Parla, "Yine bayıldın Seyran." dedikten sonra derin bir iç çekti.
Kız bile bıkmış.
Uzandığım kanepeden kalkıp oturur pozisyona geçiş yaptım. Karşımda Kenan, Onur, Arif, Tuna ve kızlar vardı.
Aylin'in, "İyi misin canım?" sorusuna cevap vermek için kafamı olumlu anlamda salladım.
Melek hafif kahkaha atıp, "Sen cidden yalan mı söylemiştin?" diye sordu.
Oflayarak, "Gülme." dedim.
Dudaklarını birbirine bastırıp gülmemek için direnmeye çalıştı. Gözlerimi devirip etrafa bakındım.
Irmak, Melek'in koluna hafif vurarak, "Melek! Gülme." dedi. İşin komik kısmı, kendisinin de gülüyor olmasıydı.
Bezmiş bir şekilde, "Siz gülün gülün. Bu güldüğünüz şeyler benim dramım." dedim.
Derin nefes alarak önüme döndüm. Etrafa bakındım. Ferit yoktu.
"Kocam nerede? Terk mi etti beni? Ay hayır, çocuğumla yalnız mı kaldım?" diyerek bayılıyormuş gibi yaptım.
Irmak, "Seyran yeter, bayılma! Ne bu bayılma sevdan? İki oldu, iki!" dedi sinirle.
Dik bir şekilde oturarak gülümsedim.
"Biliyor musun, geçen gün İngiltere'de bana bir tane şeyh biri iş teklifi etti. İşte dedi ki, 'senden çok güzel oyuncu olur, biraz prova yap, gel işe başla' dedi. Yüz türk lirası verecekmiş. Onun çalışmalarını yapıyorum. Bu devirde para önemli."
Melek, "Geçen gün İngiltere'ye mi gittin? Ayrıca orada şeyhin ne işi var?" diye sordu.
Göz devirerek, "Türk lirası teklif etmesine şaşırmadın da, ona mı şaşırdın?" diyerek devam ettim.
"Ayrıca geçen gün evde uyuyordum, İngiltere'ye falan gitmedim. Bir dakika... Yemek yiyor da olabilirdim, tam hatırlayamadım."

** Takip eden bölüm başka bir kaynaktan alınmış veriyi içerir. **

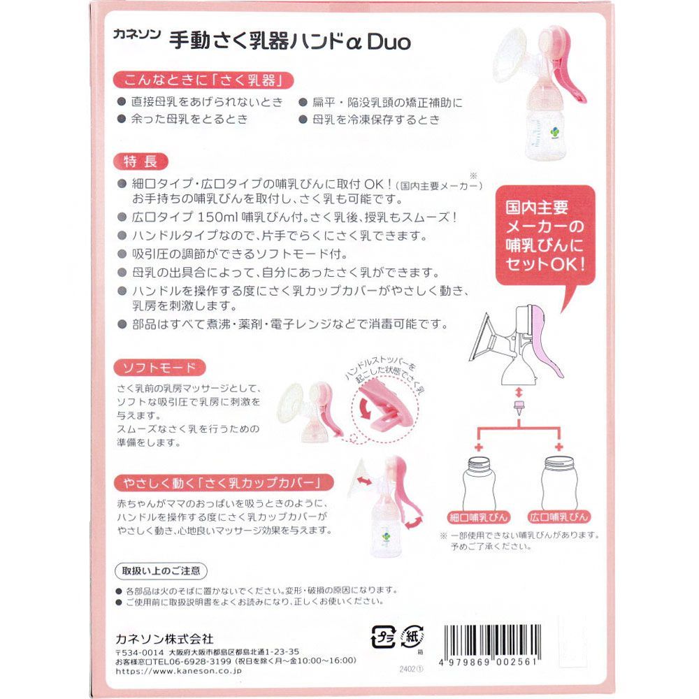 カネソン 手動さく乳器ハンドα Duo 哺乳びん付 pto

Kızlar kahkaha atmaya başladı.
Kenan'a dönerek, "Kenan'cığım, kocam olan ve zürafamsı pis heyvana benzeyen arkadaşın nerelerde acep?" diye sordum.
"Bahçede yenge. Anneannen de yanında."
Kaşlarımı çatarak, "Kimlerle birlikte?" diye sordum.
"Amcanlarla."
Ayağa kalkarak, "Kenan ya! Bari olmayan çocuğumu- pardon, olan çocuğumu düşünseydiniz! Kocasız kaldım, of!" diyerek bahçeye doğru koşmaya başladım.

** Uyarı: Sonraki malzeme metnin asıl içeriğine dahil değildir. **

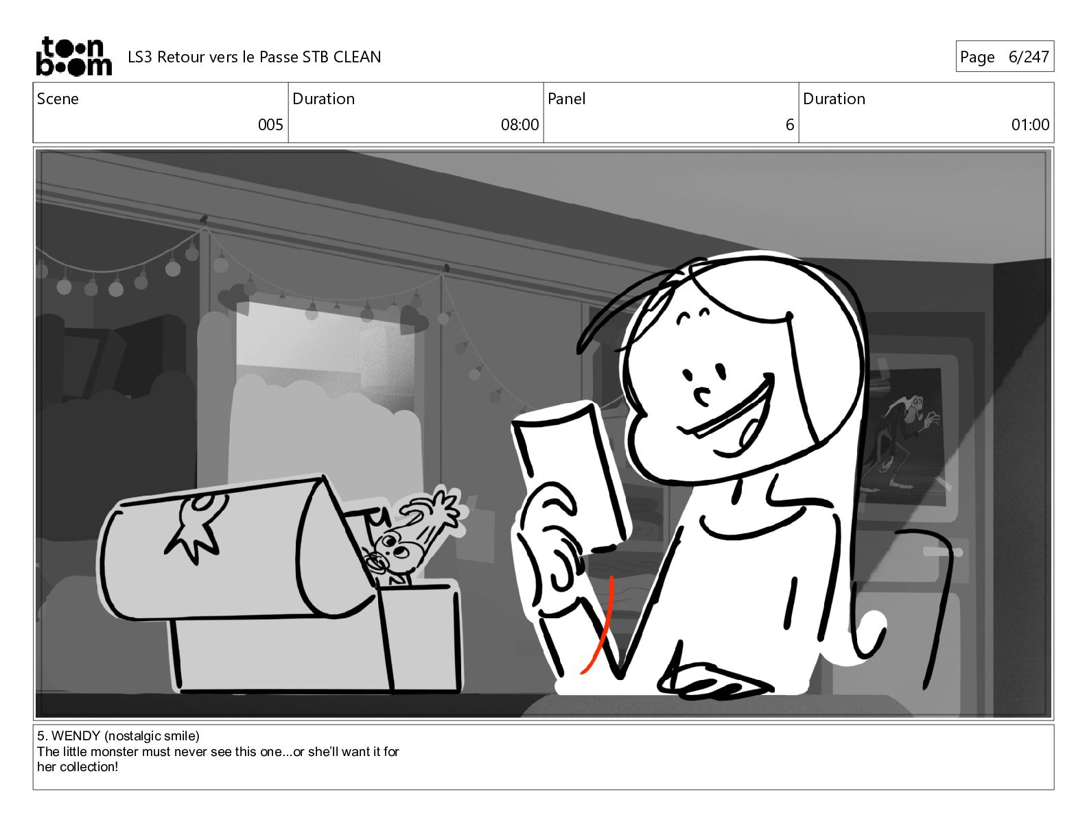 Scene 005 Duration 08:00 Panel 6 Duration 01:00 5. WENDY

"Bizim ne suçumuz var ya?" diye soran Kenan'a dönüp, "Niye izin veriyorsunuz gitmesine! Yemişlerdir şimdi kocamı, ayh!" dedim ve koşmaya devam ettim.
Bahçeye geldiğimde gözlerim Ferit'i, amcamları ve anneannemi aradı. Hepsi usulca bahçeye giren yavru kediye bakıyordu.
Ciddi misiniz?
Otuz iki diş sırıtarak, "Hi." dedim.
Anneannem, "Hi kızım, hi. Nasılsın, iyi misin?" diye sordu.
ŞİMDİ OKUDUĞUN
Mαϝყα Çαρƙıɳı - SҽყFҽɾ
HumorO gün Seyran, bir oyun için bilmediği numaraya attığı mesajla hayatının bu denli değişebileceğinden habersiz bir şekilde yatağında uzanıyor, nefret ettiği yaşamına kaldığı yerden devam ediyordu. ... 0537*******: Bundan sonra senin için pek öyle olac...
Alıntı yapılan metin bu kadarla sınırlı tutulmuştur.